__Excerpted records__
——
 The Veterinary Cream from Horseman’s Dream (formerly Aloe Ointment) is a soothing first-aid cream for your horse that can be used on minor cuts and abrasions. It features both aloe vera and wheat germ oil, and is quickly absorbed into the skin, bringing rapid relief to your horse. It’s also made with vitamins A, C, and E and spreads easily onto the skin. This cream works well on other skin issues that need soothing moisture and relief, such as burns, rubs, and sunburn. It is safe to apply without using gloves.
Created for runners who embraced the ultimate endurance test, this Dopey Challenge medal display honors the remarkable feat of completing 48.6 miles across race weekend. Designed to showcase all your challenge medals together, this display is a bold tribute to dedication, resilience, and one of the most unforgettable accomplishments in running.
——
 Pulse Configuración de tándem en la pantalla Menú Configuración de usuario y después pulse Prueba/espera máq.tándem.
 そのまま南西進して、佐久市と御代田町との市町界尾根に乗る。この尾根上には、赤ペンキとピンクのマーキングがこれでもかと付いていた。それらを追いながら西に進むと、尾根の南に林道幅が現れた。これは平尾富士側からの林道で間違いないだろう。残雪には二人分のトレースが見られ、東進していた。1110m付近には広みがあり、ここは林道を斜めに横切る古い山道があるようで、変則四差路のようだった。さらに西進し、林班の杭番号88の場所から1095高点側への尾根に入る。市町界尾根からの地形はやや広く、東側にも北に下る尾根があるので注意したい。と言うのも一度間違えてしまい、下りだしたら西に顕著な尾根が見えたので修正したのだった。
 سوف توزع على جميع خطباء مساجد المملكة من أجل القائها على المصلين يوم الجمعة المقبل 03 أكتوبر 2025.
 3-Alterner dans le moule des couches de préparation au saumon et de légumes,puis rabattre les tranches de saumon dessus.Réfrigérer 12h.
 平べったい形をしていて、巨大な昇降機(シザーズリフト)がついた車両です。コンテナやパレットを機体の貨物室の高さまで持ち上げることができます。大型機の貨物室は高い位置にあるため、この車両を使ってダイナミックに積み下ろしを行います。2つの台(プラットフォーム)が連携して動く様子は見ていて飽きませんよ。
——
__What is required__
Begin at the line that has "そのまま南西進して、佐久市と" in the entries above; stop after the line that has "平べったい形をしていて、巨大". Transcribe exactly those lines and no others.

__Result of the task__
 そのまま南西進して、佐久市と御代田町との市町界尾根に乗る。この尾根上には、赤ペンキとピンクのマーキングがこれでもかと付いていた。それらを追いながら西に進むと、尾根の南に林道幅が現れた。これは平尾富士側からの林道で間違いないだろう。残雪には二人分のトレースが見られ、東進していた。1110m付近には広みがあり、ここは林道を斜めに横切る古い山道があるようで、変則四差路のようだった。さらに西進し、林班の杭番号88の場所から1095高点側への尾根に入る。市町界尾根からの地形はやや広く、東側にも北に下る尾根があるので注意したい。と言うのも一度間違えてしまい、下りだしたら西に顕著な尾根が見えたので修正したのだった。
 سوف توزع على جميع خطباء مساجد المملكة من أجل القائها على المصلين يوم الجمعة المقبل 03 أكتوبر 2025.
 3-Alterner dans le moule des couches de préparation au saumon et de légumes,puis rabattre les tranches de saumon dessus.Réfrigérer 12h.
 平べったい形をしていて、巨大な昇降機(シザーズリフト)がついた車両です。コンテナやパレットを機体の貨物室の高さまで持ち上げることができます。大型機の貨物室は高い位置にあるため、この車両を使ってダイナミックに積み下ろしを行います。2つの台(プラットフォーム)が連携して動く様子は見ていて飽きませんよ。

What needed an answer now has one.